In late 2021, Jobst started a speedrunning podcast called The Legends Podcast. In September 2021, Legends co-host Tomatoanus announced the cancellation of future episodes and the taking down of previous episodes after Jobst was accused of racism. In a video, Jobst denied the allegations, stating that messages had been taken out of context.

== Investigative work ==

=== Badabun ===
In December 2017, Mexican media network Badabun uploaded a video purportedly showing network member Tavo Betancourt speedrunning Super Mario Bros. (1985); in January 2020, Jobst uploaded a video revealing that the Badabun video had been faked, showing various inconsistencies and irregularities found within the alleged speedrun footage and demonstrating that the footage was spliced from videos by several actual world record holders in the game, as well as from a tool-assisted speedrun.

=== Dream ===
In late 2020, Jobst covered an alleged incident of cheating by popular Minecraft speedrunner Dream.

=== Heritage Auctions and Wata Games ===
On 23 August 2021, Jobst released a YouTube documentary alleging fraud and conflict of interest between Heritage Auctions, a company selling retro video games for record-breaking prices (including a copy of Super Mario Bros. for over ); Wata Games, an agency that grades rare games; and video game collectors who intend to manufacture a bubble of retro games. Jobst alleged that Wata CEO Deniz Kahn and Heritage Auctions co-founder Jim Halperin manipulated the market through press releases and television appearances on Pawn Stars while limiting the availability of information by purchasing and shutting down retro gaming site NintendoAge.

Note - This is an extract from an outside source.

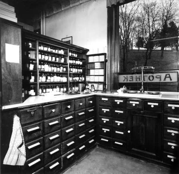 St. Hanshaugens apotek i Collettsgt. 33, Oslo. Fotografert november 1972. Apoteket ble opprettet i 1899 og åpnet 19. august 1900. De holdt til i de samme lokalene til apoteket ble lagt ned i 1973.

Wata Games denied the claims immediately after Jobst published the video. In a statement made to Video Games Chronicle, Heritage Auctions responded to Jobst's video by saying they had not engaged in any illegal activity.

=== Billy Mitchell ===
American gamer Billy Mitchell was accused by Jobst of cheating to obtain his records in the arcade games Donkey Kong (1981) and Pac-Man (1980), allegations that had already been made for years. Jobst's allegations against Mitchell also included claims that Mitchell's lawsuit against YouTuber Apollo Legend (real name Benjamin Smith) contributed to his poor mental health and suicide. For that claim, Mitchell sued Jobst for defamation, seeking damages of $450,000.

In January 2023, Jobst made a video that showcased evidence in the form of an old photograph that purportedly demonstrated that Mitchell did not play his claimed world record runs on original hardware despite claiming so for many years, including a photograph that he claimed showed that an arcade cabinet Mitchell played on had an eight-direction joystick (as opposed to the original four-direction joystick), which would have made the game much easier to play.

On 1 April 2025, Jobst was found liable for defaming Mitchell, in particular for the imputation that Mitchell had contributed to Smith's suicide, and was ordered to pay A$350,000, with the judge saying that Jobst had "caused substantial additional damage to Mitchell's reputation and caused him distress". Jobst could not cover the judgement debt, leading to him filing for voluntary bankruptcy on 9 May 2025.

Jobst filed a defamation suit against Mitchell in the United States in April 2026, rising from claims from Jobst that Mitchell had made knowingly false statements in regards to Jobst's bankruptcy and crowdfunding efforts in the wake of the April 2025 Queensland decision.

=== The Completionist ===
In November 2023, Jobst uploaded a video alongside YouTuber Mutahar "SomeOrdinaryGamers" Anas investigating the Open Hand Foundation, a charity which YouTuber Jirard "The Completionist" Khalil actively led alongside his family. Khalil hosted the IndieLand fundraiser under the organization, claiming that the proceeds went towards dementia research. However, Jobst and Anas discovered through public tax filings that the organization had not donated any of the money accumulated since its inception as a non-profit in 2014, which totalled $655,520.